In order to further evaluate transfer of speed of processing training to everyday abilities, researchers have used several different outcome measures. One way of evaluating everyday function involves a measure of complex reaction time known as the Road Sign Test (Ball et al., 2002Go; Edwards et al., 2002Go; Roenker et al., 2003Go). Scientists have used this measure in a driving simulator (Roenker et al., 2003Go) and have adapted it as a computerized measure of everyday speed (used in the UAB, SKILL, and ACTIVE studies). In both versions of the Road Sign Test, participants view road signs (pedestrian, bicycle, right and left turn arrows) with and without a red slash. Testers instruct participants to disregard signs with a red slash (distractors) and to respond as quickly as possible, using a computer mouse, to signs without a slash (targets). In the computerized version of the test, required reactions are moving the mouse to the left (in response to a left turn sign) or right (in response to a right turn sign) and clicking a button on the mouse (in response to a bicycle sign or pedestrian sign). Prior to the test trials, all participants practice clicking and moving the mouse until they demonstrate proficiency. In the driving simulator version of the test, participants react to turn signal signs by turning the steering wheel in the proper direction and react to bicycle or pedestrian signs by pressing the brake pedal. This measure includes two conditions in which either 3 or 6 signs are displayed on the screen at a time, and each condition includes 12 trials. Stimuli remain on the display until the participant gives a correct response. Researchers calculated the average reaction time across all trials.

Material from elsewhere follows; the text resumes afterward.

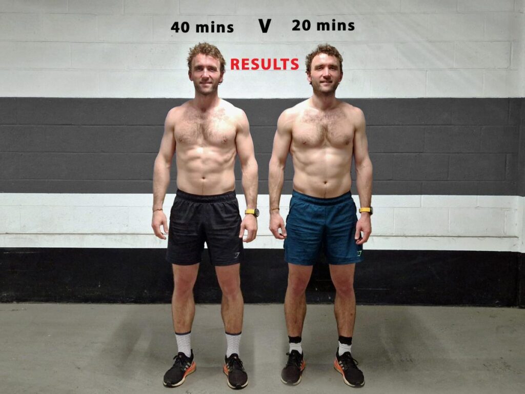 Hugo worked out for 20 minutes at a time and Ross worked out for 40 minutes, comparing their strength, fitness, and body composition over 12 weeks.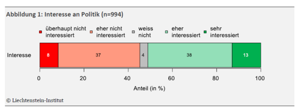 Die Jugendlichen wurden dazu befragt, in welcher Form und wie häufig sie sich politisch betätigen. Die Befragung ergab, dass sich eine kleine Minderheit junger Menschen politisch stark engagiert, während eine Mehrheit selektiv an Politik teilnimmt. Abgesehen von Diskussionen im Elternhaus bildet Instagram eine der wichtigsten politischen Informationsquellen der Jugendlichen. Politische Diskussionen unter den Jugendlichen in Liechtenstein werden meist offen geführt; nur selten getrauen sich die Jugendlichen hierzulande nicht, ihre Haltung freimütig kundzutun. Die Gründe, warum sich viele Jugendliche nicht stärker politisch engagieren, sind vielfältig: Es fehlt die Zeit, bisweilen auch das Interesse, und ausserdem haben viele andere Prioritäten als Politik.

Researchers found that speed of processing training transferred to enhanced Road Sign Test performance as administered in a driving simulator (Roenker et al., 2003Go). Individuals who underwent speed of processing training showed quicker reaction times (about 277 ms faster, on average) for Road Sign Test performance at immediate posttest relative to their baseline performance, and this improvement was maintained for at least 18 months. For a vehicle moving at 55 miles per hour, this improvement of 277 ms translates into a 22-ft shorter stopping distance (Roenker et al., 2003Go). Interestingly, when researchers administered the Road Sign Test via computer and required reactions with a mouse, transfer of speed of processing training was not immediately evident in the SKILL and UAB studies (Edwards et al., 2002Go; Edwards, Wadley, et al., 2005Go). However, these studies also had smaller effect sizes for the primary training outcome, UFOV.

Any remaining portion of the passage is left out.